Il corpo di Rhonas giaceva a terra, inerte. Alcuni dei sopravvissuti si misero in ginocchio. Altri si avvicinarono lentamente e sporsero le mani, nel tentativo di rimuovere la realtà che si trovavano davanti. Le dita tremanti trovarono invece scaglie solide e vesti divine. La consapevolezza della sua morte inondò la mente dei sopravvissuti. Seguirono lacrime, grida di rabbia e abbracci. Djeru si avvicinò alla divinità, si inginocchiò e mise una mano sul suo volto.

La rabbia si diffuse di nuovo nel petto di Samut, che si avvicinò al corpo caduto di Rhonas. Salì sul suo petto, generando sussulti negli altri, e si sollevò. "Fratelli. Sorelle. Ora piangiamo. Ma dobbiamo sopravvivere.

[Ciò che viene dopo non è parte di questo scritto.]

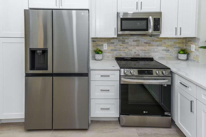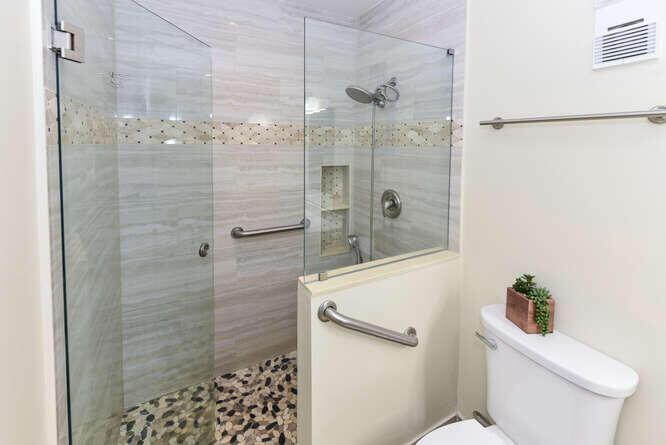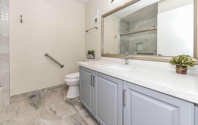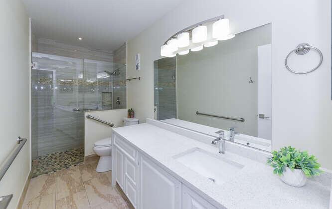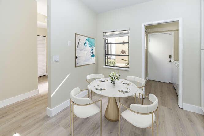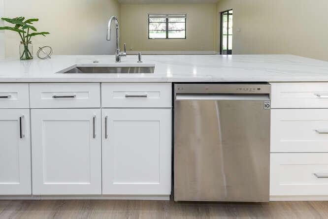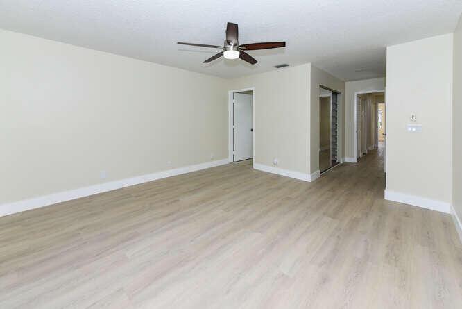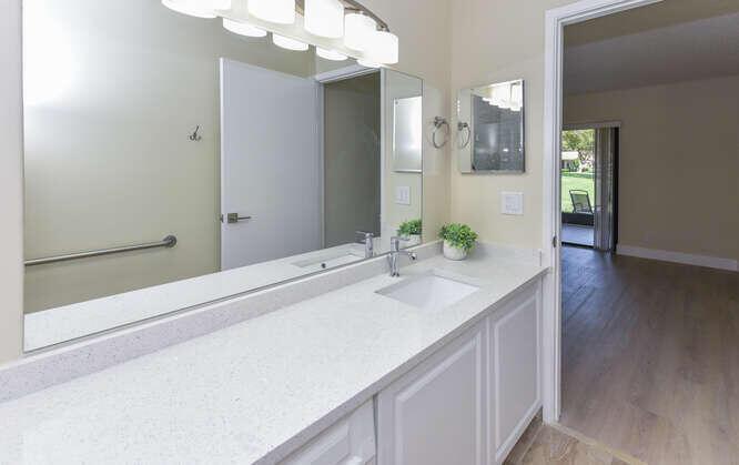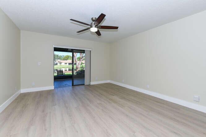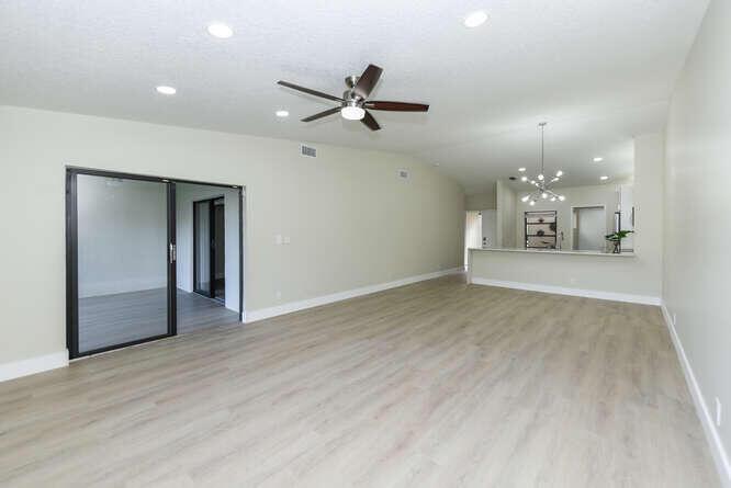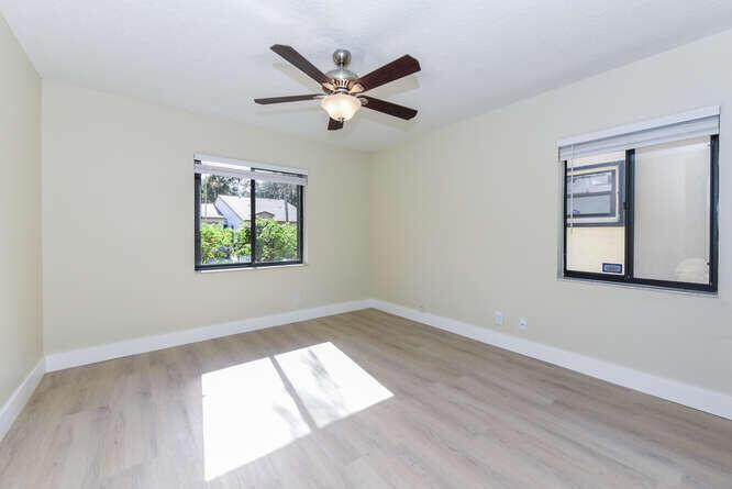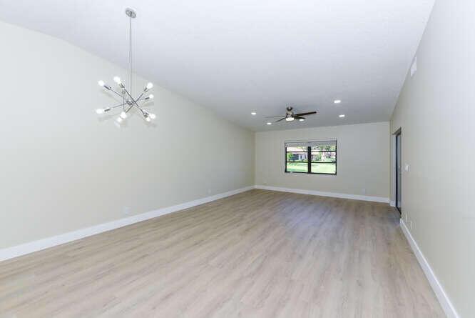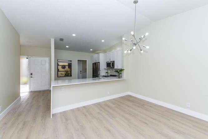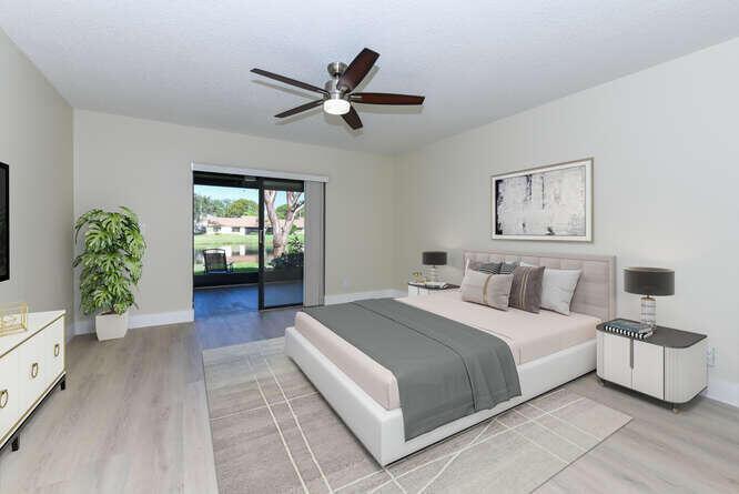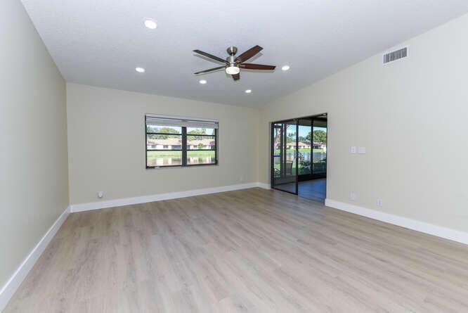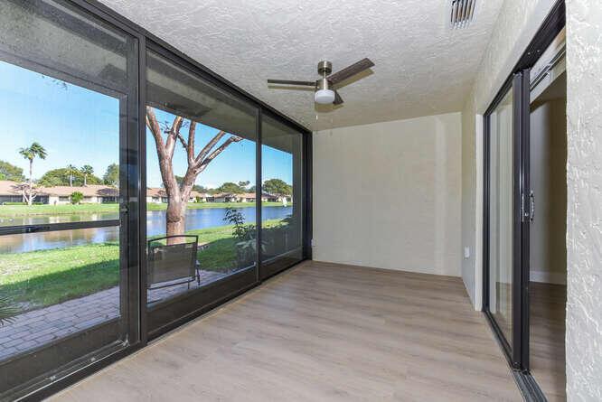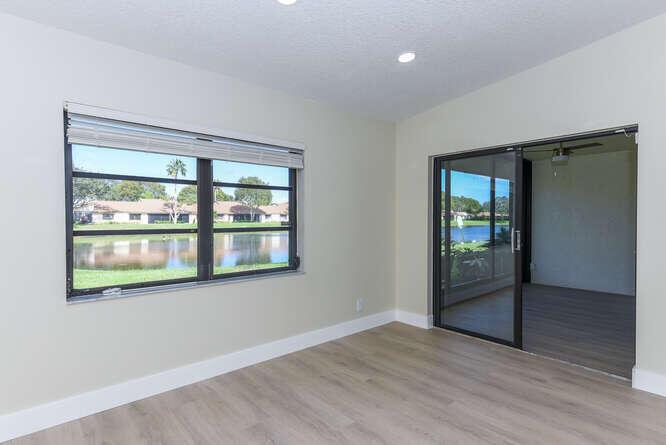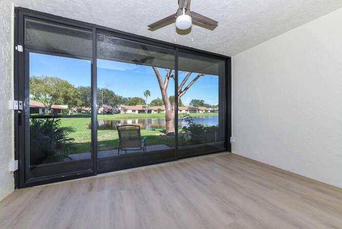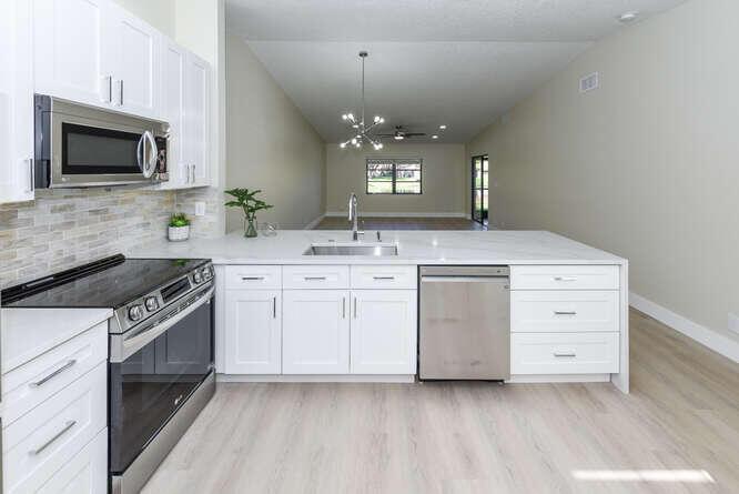 New Roof (Nov 2022). Enjoy this move in ready gorgeous 2/2 + enclosed den, lakefront villa in popular Whisper Walk 55+ gated community. Light waterproof and scratch resistant luxury vinyl floors & modern new baseboards throughout. Open floor plan with new solid wood white shaker kitchen cabinets, oversized S/S sink, eat in kitchen area, new & upgraded Stainless Steel Samsung appliances & new full size Washer and Dryer (inside). Large living room with vaulted ceilings. Updated bathrooms with walk in shower + tub. Beautiful quartz tops in kitchen (Calacata) and both bathrooms. Just painted and no popcorn ceiling. Custom closets in all 3 bedroom closets. New toilets, new bathroom fixtures and new sinks. New LED lighting throughout + fans. Click MORE....
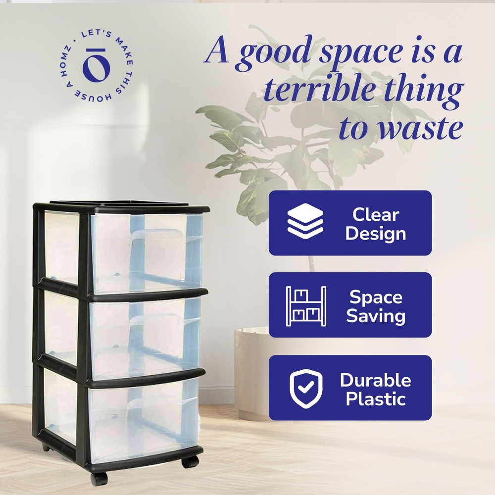Cart Masterpiece: Perfect the art of hiding your chaos with the HOMZ storage carts with drawers. This plastic drawer cart is made to fit anywhere you need organizing power, whether at home or work. For Small Spaces: This roomy plastic organizer measures 12.5" L x 14.25" W x 25.5" H with the interior of each drawer measuring 12.31" L x 9.92" W x 6.85" H. It Will Fit: Our rolling drawer organizer cart features clear plastic materials and removable wheels for easy transportation. Use them to store toiletries, office supplies, crafts, and more. From Trash to Treasure: Life in plastic is fantastic when the plastic is made from 90% recycled materials. We know the earth is important to you, so our cart is good for your items and the planet. HOMZ for Your Home: From organization to storage, we have the container that you are looking for. Allow us to make your house a HOMZ.

Se credete che il Dio Faraone vi stia mettendo alla prova, attaccate con me per dimostrare il vostro valore. Se credete che ci abbia traditi, unitevi a me nella lotta per il nostro domani. Incarneremo la forza che Rhonas ci ha insegnato e ci ha donato con i suoi insegnamenti e le sue ordalie!"

I sopravvissuti intorno a lei urlarono per esprimere solidarietà, con volti le cui espressioni spaziavano dall'afflizione alla rabbia.

Improvvisamente, Djeru si alzò, con lo sguardo fisso all’orizzonte. "Samut. Penso che sia meglio trovare un riparo", disse.

Samut strizzò gli occhi. Dalla direzione dei Cancelli dell'Aldilà, un’imponente tempesta di sabbia si stava avvicinando. Nel passato, una tempesta come quella si sarebbe scontrata con l’Hekma, che l’avrebbe deviata senza alcun danno... ma ora, senza l’Hekma, le sabbie turbinanti e i venti ardenti si stavano avvicinando con velocità allarmante, una solida parete di polvere e oscurità.

Samut si rivolse ai sopravvissuti e li spinse a ritirarsi nella direzione da cui erano venuti. Haq afferrò improvvisamente la mano di Samut, indicando davanti a loro, proprio verso la tempesta. "Sorella. Hazoret sta arrivando. E non è sola".

Samut osservò il ragazzo e poi sguainò i suoi khopesh. "Guerrieri. Preparatevi. Battaglia!".

I sopravvissuti afferrarono le loro armi e si misero dei panni sui volti. Molti si accucciarono dietro alla parete del monumento per avere un minimo rifugio. Samut, Djeru e Haq rimasero nella loro posizione, piegandosi in avanti nel momento in cui vennero investiti dalla tempesta.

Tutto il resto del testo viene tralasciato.